JOHNSTOWN — Lawmakers in Fulton County could vote on a conditional tax break for volunteer firefighters and EMTs next week.
The proposal is enabled by state legislation passed last year which allows local governments and school districts to waive property taxes up to 10% for some volunteer emergency personnel.
A few strings attached: volunteers must be active, hold at least five years of membership, reside in their own tax district of service and use their property strictly for residential purposes. Recipients must reapply annually until they’ve been involved for 20 years or more.
Fulton County Board of Supervisors Chairman Scott Horton ultimately supports the measure, albeit wishes that that state took a different approach.
“I think the right direction would be to state up the amount of the tax [credit] volunteer firefighters can take so that it’s a level playing field,” Horton said. “They all serve and they serve their communities well so why there’s a requirement that they must live in the same district that they serve is befuddling to me.”
The tax break is up for a public hearing on Monday at the Republican-dominated Board of Supervisors’ monthly business meeting in Johnstown.
County administrator Jon Stead doesn’t anticipate much division over the legislation.

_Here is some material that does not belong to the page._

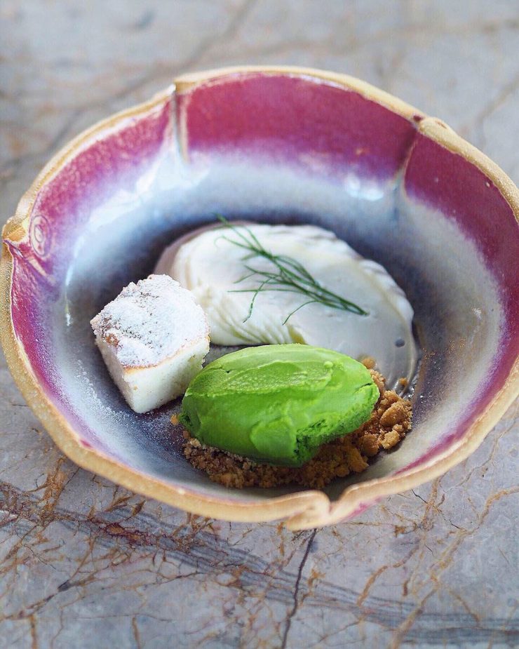 Od Urla’nın tadım menüsünden favorimiz deniz fasulyeli, bahçeden nar ekşili – narlı Seferihisar keçi loru ve tatlı olarak ilginç lezzetiyle yeşil acı biberli, arap saçılı sorbe ve sünger kek.
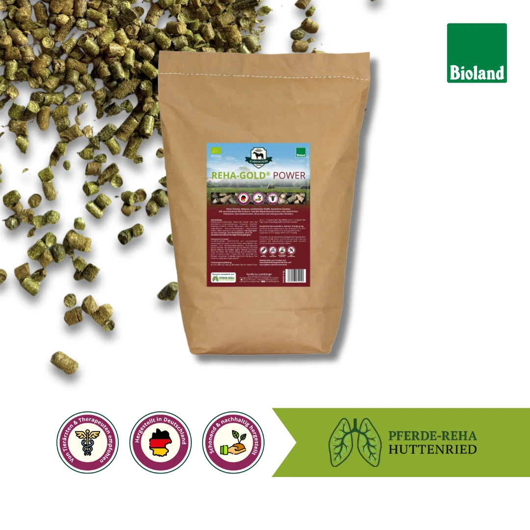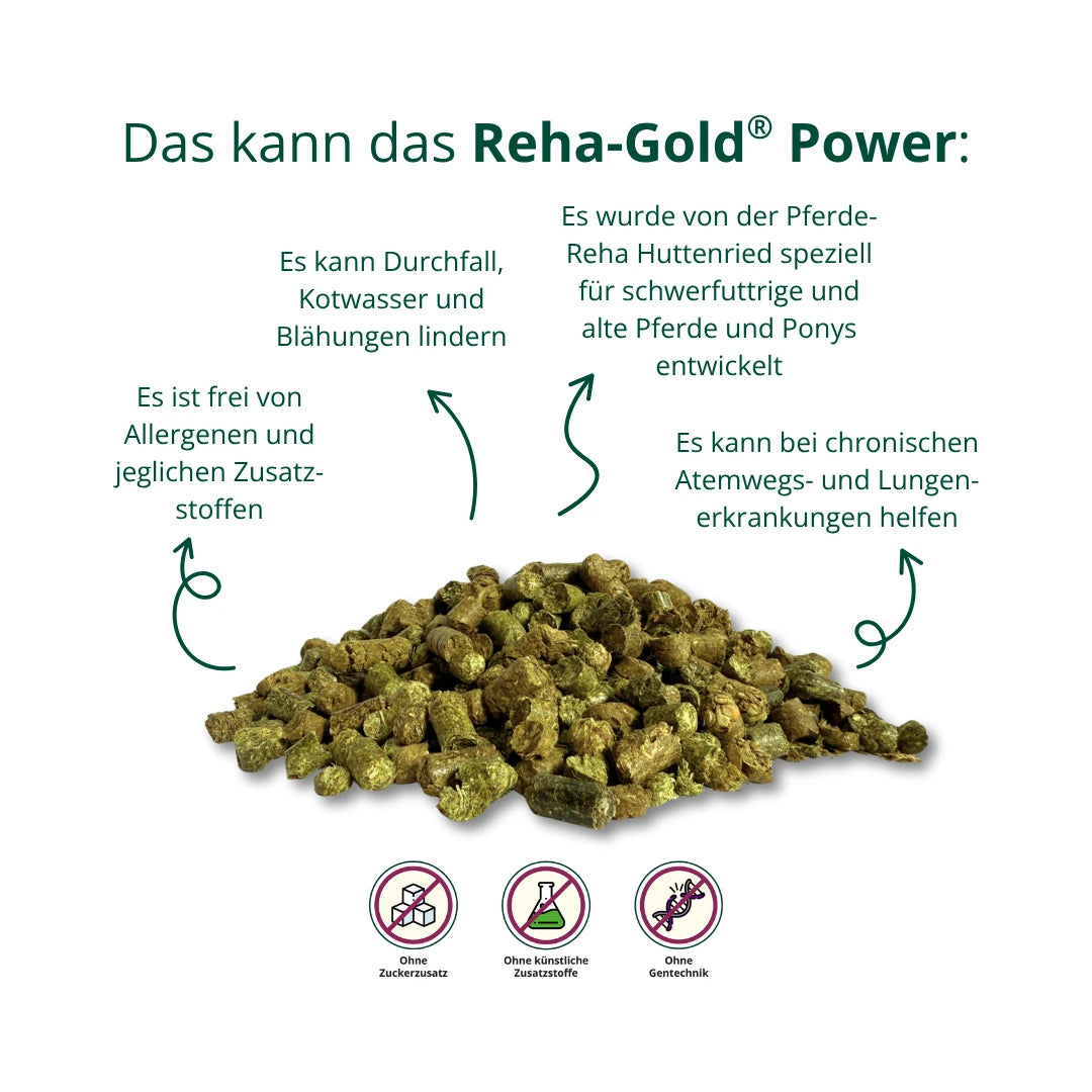Reha-Gold® „Power“ ist das einzige biologische zusammengesetzte Pferdefutter was die Genesungszeit Ihres erkrankten Pferdes nachweislich bedeutend verkürzen kann.

He noted that the tax break won’t have “a huge financial impact” given its narrow focus.
Similar legislation has already been adopted by taxing authorities across the state, including Rotterdam and Round Lake amid a nationwide shortage of volunteer emergency personnel.
New York has 20,000 fewer volunteer firefighters than 20 years ago while the number of emergency calls has incrementally increased, according to a 2022 state report.
“Years ago, we used to get 25 to 35 men show up to our meetings,” said Jack Wilston, town supervisor of Johnstown and 62-year Pleasant Square Fire Department volunteer. “There is a problem. We’re down to 14, 16 [members] on a good month at a monthly meeting.”
RGL Fire Chief and Fulton County EMS Coordinator Mark Souza began noticing a stark decrease in membership as early as the late 2010s. Depopulation and generational time constraints are likely factors in the mix, the 30-year firefighter maintained.
The quality of service hasn’t decreased, but instead, requires more regional coordination, Souza said.
“Normally if I had a structure fire, I might call one or two other fire departments to help me,” Souza said. “Now you’re calling five, six, to help because there’s not enough people during the day.”
Souza believes that the property tax measure isn’t likely to recruit teenagers and twenty somethings.
“The problem is that we need to get people that are 18, 19, 20 in the fire company,” Souza said. “How many 18, 19 year olds own their own house? So, that really doesn’t help them that much.”
The state’s existing income tax credit for volunteer firefighters and ambulance workers is $200.